_DATA SHOWN_.

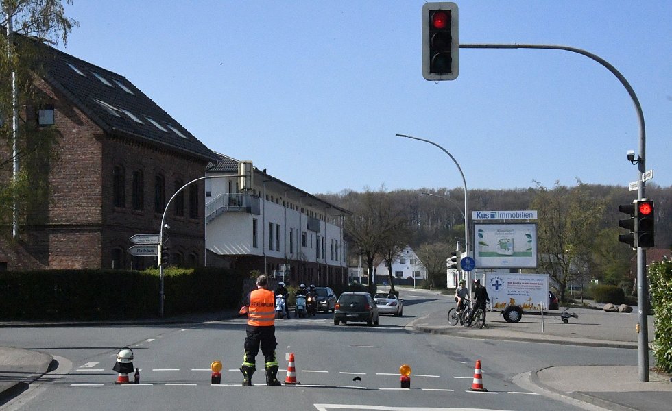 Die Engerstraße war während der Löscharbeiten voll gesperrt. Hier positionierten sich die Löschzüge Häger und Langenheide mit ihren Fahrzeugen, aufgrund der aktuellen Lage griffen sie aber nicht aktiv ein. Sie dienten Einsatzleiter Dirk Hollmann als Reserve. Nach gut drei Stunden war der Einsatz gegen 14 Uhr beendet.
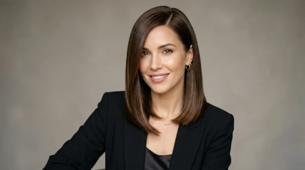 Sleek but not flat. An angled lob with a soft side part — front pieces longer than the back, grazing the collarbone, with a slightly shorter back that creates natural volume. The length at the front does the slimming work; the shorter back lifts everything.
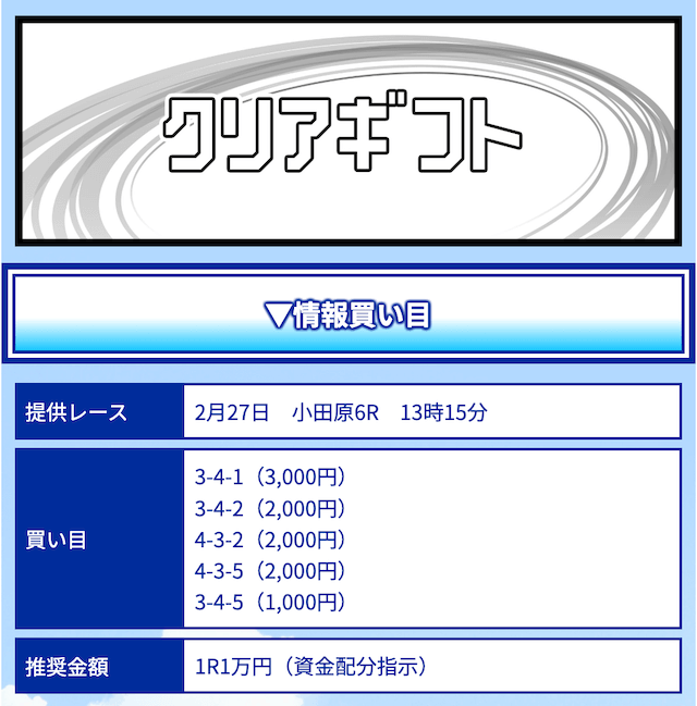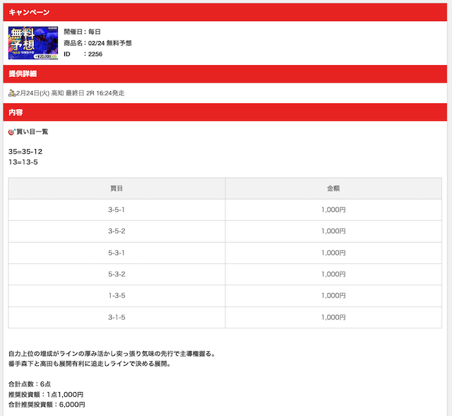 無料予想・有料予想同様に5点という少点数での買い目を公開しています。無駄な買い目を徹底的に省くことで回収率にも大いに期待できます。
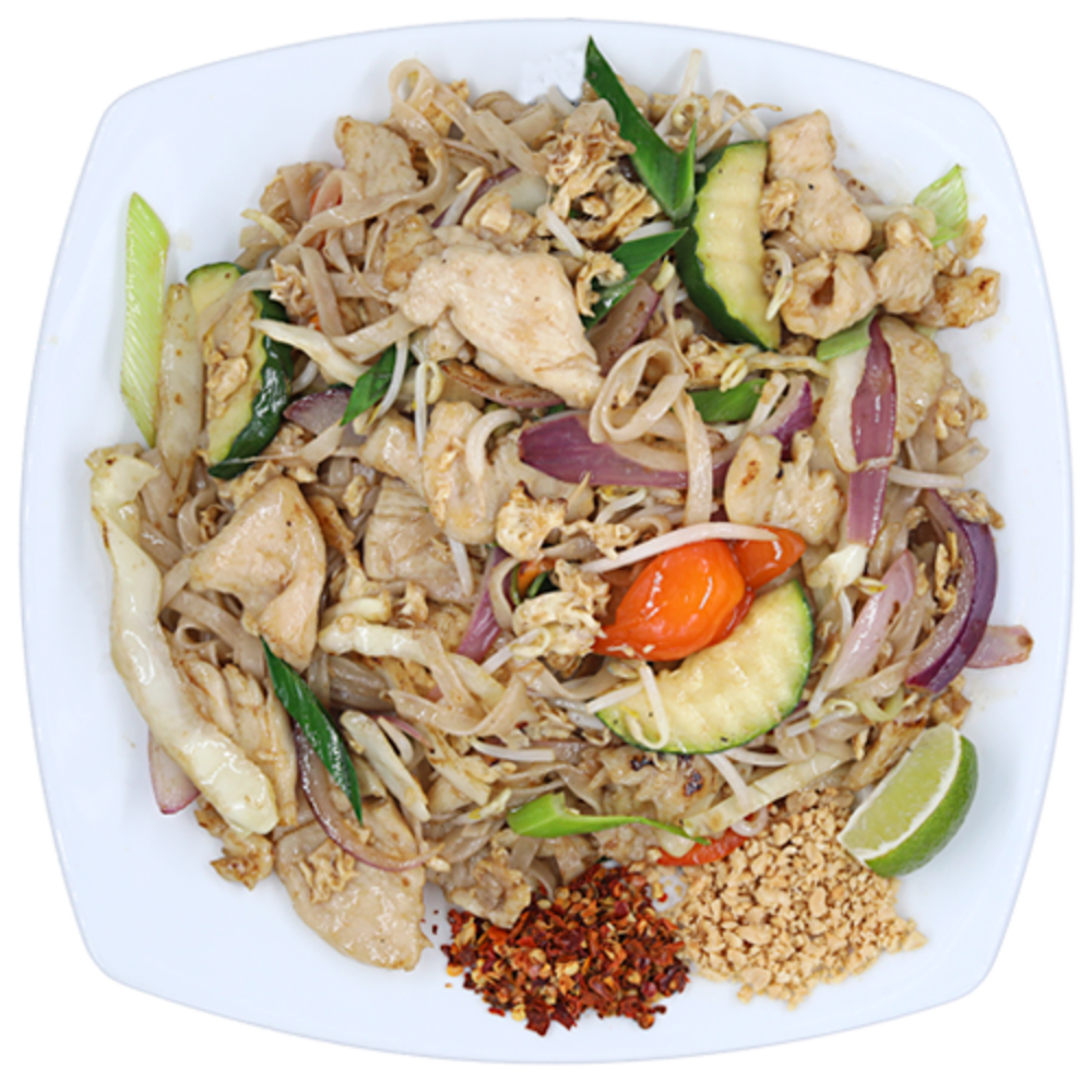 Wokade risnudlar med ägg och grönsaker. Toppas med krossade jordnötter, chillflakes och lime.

_TASK TO CARRY OUT_.
The lines wanted are those from the start of the material above through the line with "Sleek but not", both included; print them exactly and skip any picture.

_YOUR RESPONSE_.
 Die Engerstraße war während der Löscharbeiten voll gesperrt. Hier positionierten sich die Löschzüge Häger und Langenheide mit ihren Fahrzeugen, aufgrund der aktuellen Lage griffen sie aber nicht aktiv ein. Sie dienten Einsatzleiter Dirk Hollmann als Reserve. Nach gut drei Stunden war der Einsatz gegen 14 Uhr beendet.
 Sleek but not flat. An angled lob with a soft side part — front pieces longer than the back, grazing the collarbone, with a slightly shorter back that creates natural volume. The length at the front does the slimming work; the shorter back lifts everything.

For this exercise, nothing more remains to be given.